## TRY IT
Write out all the records exactly, and keep any images out.

==============================

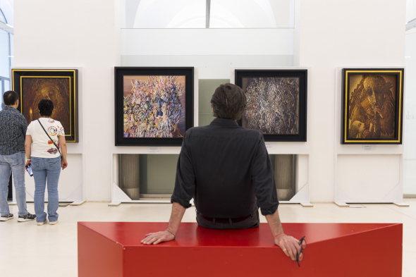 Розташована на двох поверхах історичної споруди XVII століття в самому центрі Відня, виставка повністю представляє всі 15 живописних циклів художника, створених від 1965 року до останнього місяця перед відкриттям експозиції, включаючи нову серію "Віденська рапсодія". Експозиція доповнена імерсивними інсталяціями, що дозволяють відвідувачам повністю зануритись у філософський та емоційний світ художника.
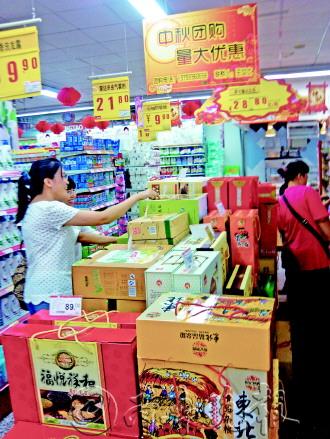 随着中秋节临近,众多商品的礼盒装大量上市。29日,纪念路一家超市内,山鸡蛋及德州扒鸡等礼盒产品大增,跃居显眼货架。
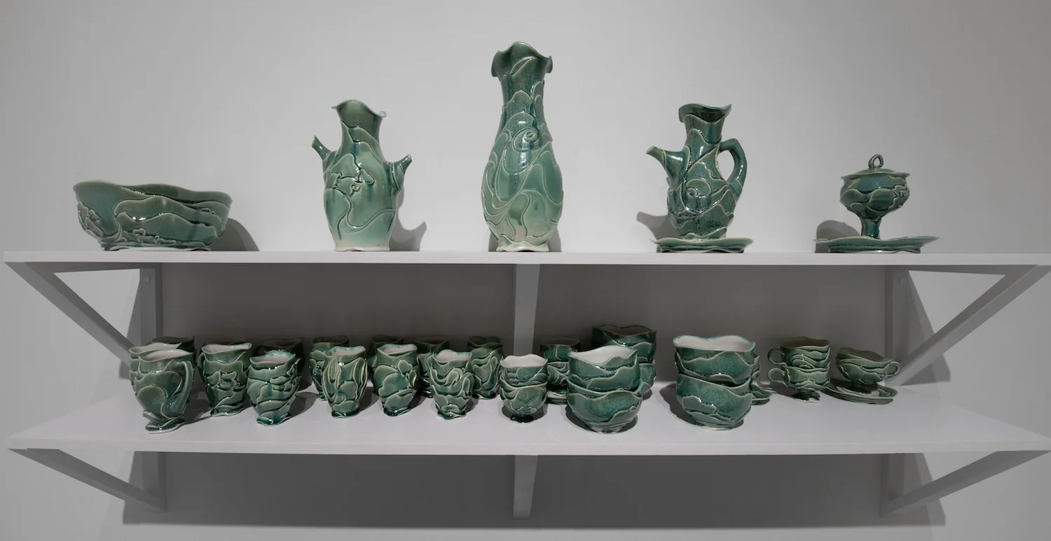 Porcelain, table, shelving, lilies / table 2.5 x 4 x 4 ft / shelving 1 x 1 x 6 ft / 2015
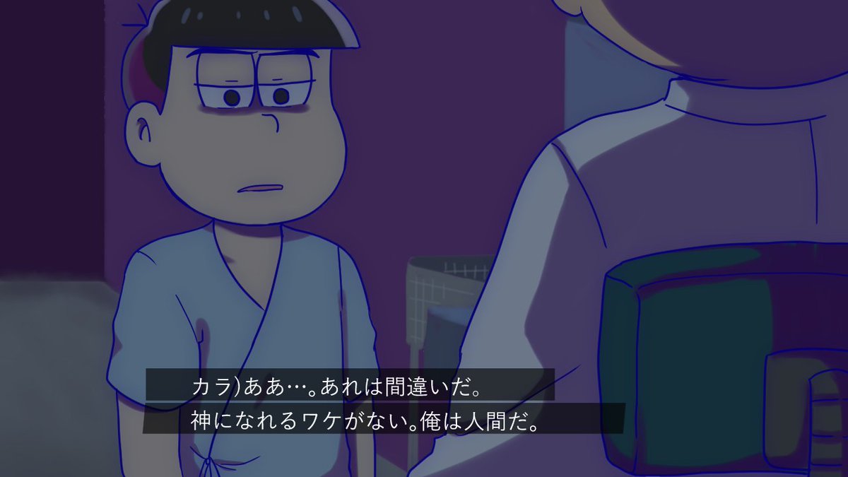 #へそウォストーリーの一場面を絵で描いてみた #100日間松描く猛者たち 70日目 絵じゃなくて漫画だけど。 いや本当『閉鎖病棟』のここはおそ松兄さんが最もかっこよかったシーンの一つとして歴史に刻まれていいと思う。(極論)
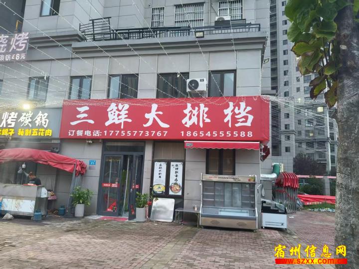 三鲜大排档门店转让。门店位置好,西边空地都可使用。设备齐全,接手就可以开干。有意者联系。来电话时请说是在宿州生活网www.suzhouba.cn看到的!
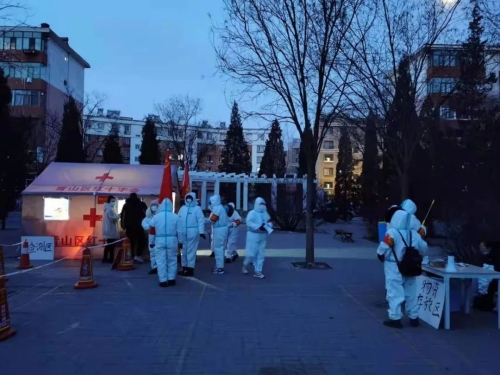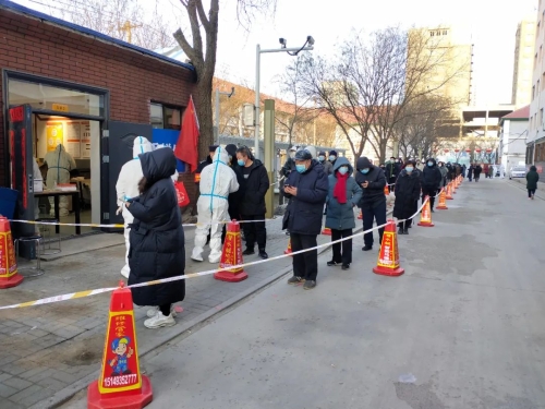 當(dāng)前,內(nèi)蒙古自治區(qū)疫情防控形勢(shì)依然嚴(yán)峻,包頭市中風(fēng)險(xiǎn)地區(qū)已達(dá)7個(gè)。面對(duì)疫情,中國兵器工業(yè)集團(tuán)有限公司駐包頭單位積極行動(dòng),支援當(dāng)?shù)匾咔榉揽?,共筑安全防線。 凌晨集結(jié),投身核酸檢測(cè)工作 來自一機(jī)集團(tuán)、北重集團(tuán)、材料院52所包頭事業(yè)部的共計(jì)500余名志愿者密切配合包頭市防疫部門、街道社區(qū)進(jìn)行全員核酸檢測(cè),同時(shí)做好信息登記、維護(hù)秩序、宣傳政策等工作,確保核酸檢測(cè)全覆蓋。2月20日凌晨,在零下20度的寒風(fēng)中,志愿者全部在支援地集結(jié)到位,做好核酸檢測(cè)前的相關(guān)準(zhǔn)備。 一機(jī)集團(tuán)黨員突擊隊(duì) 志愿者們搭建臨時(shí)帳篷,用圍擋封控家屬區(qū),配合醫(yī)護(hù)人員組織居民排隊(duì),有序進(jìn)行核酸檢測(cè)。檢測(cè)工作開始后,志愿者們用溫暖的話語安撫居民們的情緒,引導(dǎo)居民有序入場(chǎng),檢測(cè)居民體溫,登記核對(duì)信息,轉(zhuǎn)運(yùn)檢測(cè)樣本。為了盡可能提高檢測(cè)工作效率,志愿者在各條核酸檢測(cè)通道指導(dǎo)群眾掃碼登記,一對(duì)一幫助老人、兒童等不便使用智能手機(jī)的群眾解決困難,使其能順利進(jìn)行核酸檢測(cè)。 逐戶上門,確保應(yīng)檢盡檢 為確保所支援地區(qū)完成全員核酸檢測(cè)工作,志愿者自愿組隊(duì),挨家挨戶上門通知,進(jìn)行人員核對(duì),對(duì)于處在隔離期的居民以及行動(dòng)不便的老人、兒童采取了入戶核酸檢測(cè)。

==============================

## RESPONSE
 Розташована на двох поверхах історичної споруди XVII століття в самому центрі Відня, виставка повністю представляє всі 15 живописних циклів художника, створених від 1965 року до останнього місяця перед відкриттям експозиції, включаючи нову серію "Віденська рапсодія". Експозиція доповнена імерсивними інсталяціями, що дозволяють відвідувачам повністю зануритись у філософський та емоційний світ художника.
 随着中秋节临近,众多商品的礼盒装大量上市。29日,纪念路一家超市内,山鸡蛋及德州扒鸡等礼盒产品大增,跃居显眼货架。
 Porcelain, table, shelving, lilies / table 2.5 x 4 x 4 ft / shelving 1 x 1 x 6 ft / 2015
 #へそウォストーリーの一場面を絵で描いてみた #100日間松描く猛者たち 70日目 絵じゃなくて漫画だけど。 いや本当『閉鎖病棟』のここはおそ松兄さんが最もかっこよかったシーンの一つとして歴史に刻まれていいと思う。(極論)
 三鲜大排档门店转让。门店位置好,西边空地都可使用。设备齐全,接手就可以开干。有意者联系。来电话时请说是在宿州生活网www.suzhouba.cn看到的!
 當(dāng)前,內(nèi)蒙古自治區(qū)疫情防控形勢(shì)依然嚴(yán)峻,包頭市中風(fēng)險(xiǎn)地區(qū)已達(dá)7個(gè)。面對(duì)疫情,中國兵器工業(yè)集團(tuán)有限公司駐包頭單位積極行動(dòng),支援當(dāng)?shù)匾咔榉揽?,共筑安全防線。 凌晨集結(jié),投身核酸檢測(cè)工作 來自一機(jī)集團(tuán)、北重集團(tuán)、材料院52所包頭事業(yè)部的共計(jì)500余名志愿者密切配合包頭市防疫部門、街道社區(qū)進(jìn)行全員核酸檢測(cè),同時(shí)做好信息登記、維護(hù)秩序、宣傳政策等工作,確保核酸檢測(cè)全覆蓋。2月20日凌晨,在零下20度的寒風(fēng)中,志愿者全部在支援地集結(jié)到位,做好核酸檢測(cè)前的相關(guān)準(zhǔn)備。 一機(jī)集團(tuán)黨員突擊隊(duì) 志愿者們搭建臨時(shí)帳篷,用圍擋封控家屬區(qū),配合醫(yī)護(hù)人員組織居民排隊(duì),有序進(jìn)行核酸檢測(cè)。檢測(cè)工作開始后,志愿者們用溫暖的話語安撫居民們的情緒,引導(dǎo)居民有序入場(chǎng),檢測(cè)居民體溫,登記核對(duì)信息,轉(zhuǎn)運(yùn)檢測(cè)樣本。為了盡可能提高檢測(cè)工作效率,志愿者在各條核酸檢測(cè)通道指導(dǎo)群眾掃碼登記,一對(duì)一幫助老人、兒童等不便使用智能手機(jī)的群眾解決困難,使其能順利進(jìn)行核酸檢測(cè)。 逐戶上門,確保應(yīng)檢盡檢 為確保所支援地區(qū)完成全員核酸檢測(cè)工作,志愿者自愿組隊(duì),挨家挨戶上門通知,進(jìn)行人員核對(duì),對(duì)于處在隔離期的居民以及行動(dòng)不便的老人、兒童采取了入戶核酸檢測(cè)。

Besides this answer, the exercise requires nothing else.